During the live demo, Young was able to ask AI-powered patient ‘Sabine’ a series of questions about her symptoms and concerns. Her responses enabled Young to ask further probing questions to get to the root of the problem.According to Young, this solution could enable medical students to practice patient interactions without leaving the lecture hall or classroom.

“Imagine being able to train the next generation of doctors with patients who are loaded with all the right diagnostic criteria,” he says. “That right there unlocks artificial intelligence assistance, not just in the surgical procedure itself, but in the wider experience.” This is just one piece of AI kit that the NHS has invested in following funding from the UK Department of Health (DoH), which Young describes as “putting its money where its mouth is”.

The DoH has pledged £140m over the next four years for the NHS AI Lab, which, since September 2020, has awarded 80 grants to innovative AI start-ups related to healthcare. A third round was launched this June with Simon Stevens, chief executive of NHS England, stating: “Our message to developers worldwide is clear – the NHS is ready to help you test your innovations and ensure our patients are among the first in the world to benefit from new AI technologies.”

It’s good to talk
AI and NPL are also being deployed by Woebot Health, an Irish start-up developing a digital coach that helps people identify and cope with various mental health challenges, including stress, anxiety and depression. Joe Gallagher, vice president of product at Woebot Health, explains that the platform uses these techniques “so it can safely deliver the right intervention to the right person at the right time”. Its tailoring algorithm personalises the experience according to the user’s mood, the description of the problem at hand, and their progress through the programme to date.

In the quickly “shifting and episodic” world of mental health, Woebot believes digital therapeutics can integrate into the healthcare ecosystem to plug the gaps along the healthcare journey. Described as a “relational agent”, the platform works to build a trusted relationship with people, making it more than simply a chatbot.
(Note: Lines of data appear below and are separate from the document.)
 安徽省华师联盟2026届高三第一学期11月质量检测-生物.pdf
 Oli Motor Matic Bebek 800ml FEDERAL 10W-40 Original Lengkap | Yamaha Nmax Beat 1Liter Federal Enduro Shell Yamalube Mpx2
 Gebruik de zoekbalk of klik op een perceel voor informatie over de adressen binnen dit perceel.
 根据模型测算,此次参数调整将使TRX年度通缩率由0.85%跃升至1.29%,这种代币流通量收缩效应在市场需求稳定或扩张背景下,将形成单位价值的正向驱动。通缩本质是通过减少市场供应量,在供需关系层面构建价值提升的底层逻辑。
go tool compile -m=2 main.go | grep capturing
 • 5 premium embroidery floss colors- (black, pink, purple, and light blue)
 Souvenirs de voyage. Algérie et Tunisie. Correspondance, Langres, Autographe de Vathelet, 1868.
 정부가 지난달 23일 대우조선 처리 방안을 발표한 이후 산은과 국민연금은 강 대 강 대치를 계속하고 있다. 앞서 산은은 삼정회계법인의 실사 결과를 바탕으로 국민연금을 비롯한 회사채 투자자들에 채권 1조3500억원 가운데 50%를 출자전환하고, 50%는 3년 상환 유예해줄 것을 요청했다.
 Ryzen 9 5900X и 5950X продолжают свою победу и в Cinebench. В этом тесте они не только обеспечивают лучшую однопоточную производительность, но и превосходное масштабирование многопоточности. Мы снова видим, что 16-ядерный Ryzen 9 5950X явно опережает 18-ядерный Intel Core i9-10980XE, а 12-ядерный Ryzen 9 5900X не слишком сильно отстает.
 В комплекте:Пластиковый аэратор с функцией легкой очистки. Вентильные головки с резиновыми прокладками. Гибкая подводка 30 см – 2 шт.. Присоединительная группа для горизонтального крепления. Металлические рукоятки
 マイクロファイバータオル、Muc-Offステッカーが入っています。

“Woebot builds trust by building a bond with users,” says Gallagher. “Bond – or therapeutic alliance in clinical terms – reflects the rapport that develops between client and therapist. Bond gives rise to authentic disclosure and really meaningful engagement. The failure of technology to be able to develop a bond with people has been used as the reason why technology is never going to be as efficacious as humans.”

The company’s latest study, published in JMIR Formative Research and involving 36,070 users, looked to change this point of view. It highlighted that not only can Woebot quickly form a human level bond with people, but that bond also doesn’t appear to erode over time. “That was something that was not considered possible before,” says Gallagher. “The study marks a future in which digital mental health solutions can have a crucial place in a comprehensive ecosystem of care.”